# Can you install any CPU on any motherboard?



## computermania (Apr 7, 2008)

Hi guys,

I just had a quick question. I am troubleshooting a computer that had an Intel Celeron processor. It is a Compaq Presario SR1110NX. Either the motherboard or the CPU is fried. I want to troubleshoot the CPU first. So can I buy and install any CPU (AMD or Intel) on the motherboard?

Thanks for all your help in advance.


----------



## linderman (May 20, 2005)

no you cant just install any cpu on any board


motherboards are either Intel or AMD based

then you have to research which cpu socket you need

then research which cpu's are supported by your motherboard ?????

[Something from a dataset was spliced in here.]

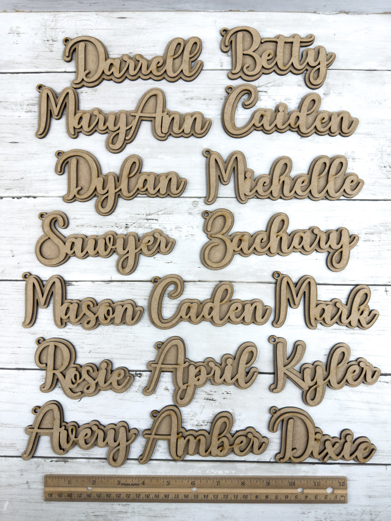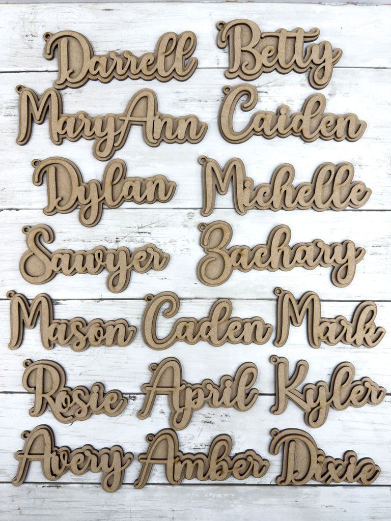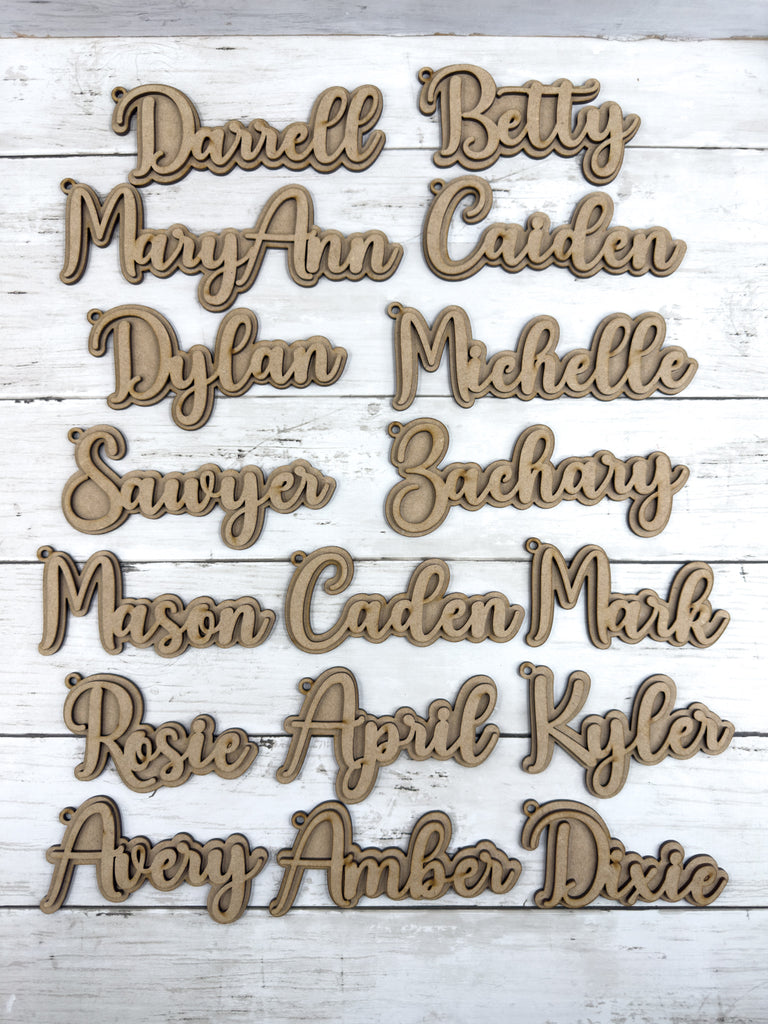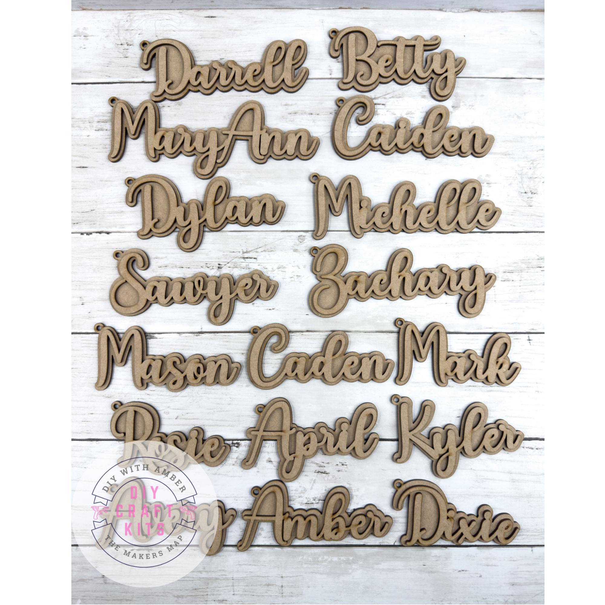 Personalized name and backer—a fun DIY ! Laser cut from 1/8” HDF, this kit features a custom single name detail with backer piece
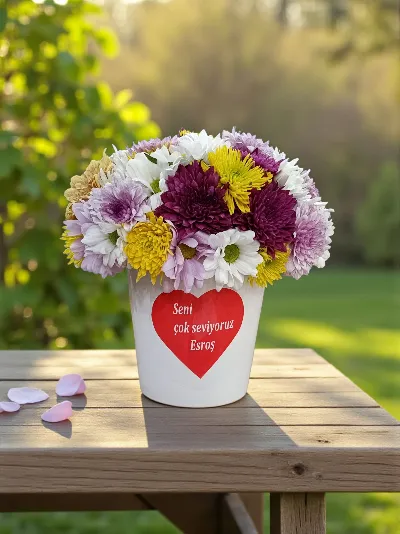 Seramik saksı içinde rengarenk arajman ve sıtıkır yazı

I would look at the motherboard before I chased the CPU / the cpu tends to be the toughest part in the computer system


----------



## computermania (Apr 7, 2008)

Thanks linderman...i will try a new mobo before a new CPU


----------



## linderman (May 20, 2005)

http://h10025.www1.hp.com/ewfrf/wc/document?docname=c00063244&cc=us&lc=en&dlc=en&product=425916


here is what you can put in there

Socket 478 for Intel P4 *Williamette* and *Northwood *processors 
1.4GHZ to 2.8GHz or higher



dont try the prescott cpu's as they will run at only half speed in your motherboard / look on ebay if you want to chase a cpu ??????


----------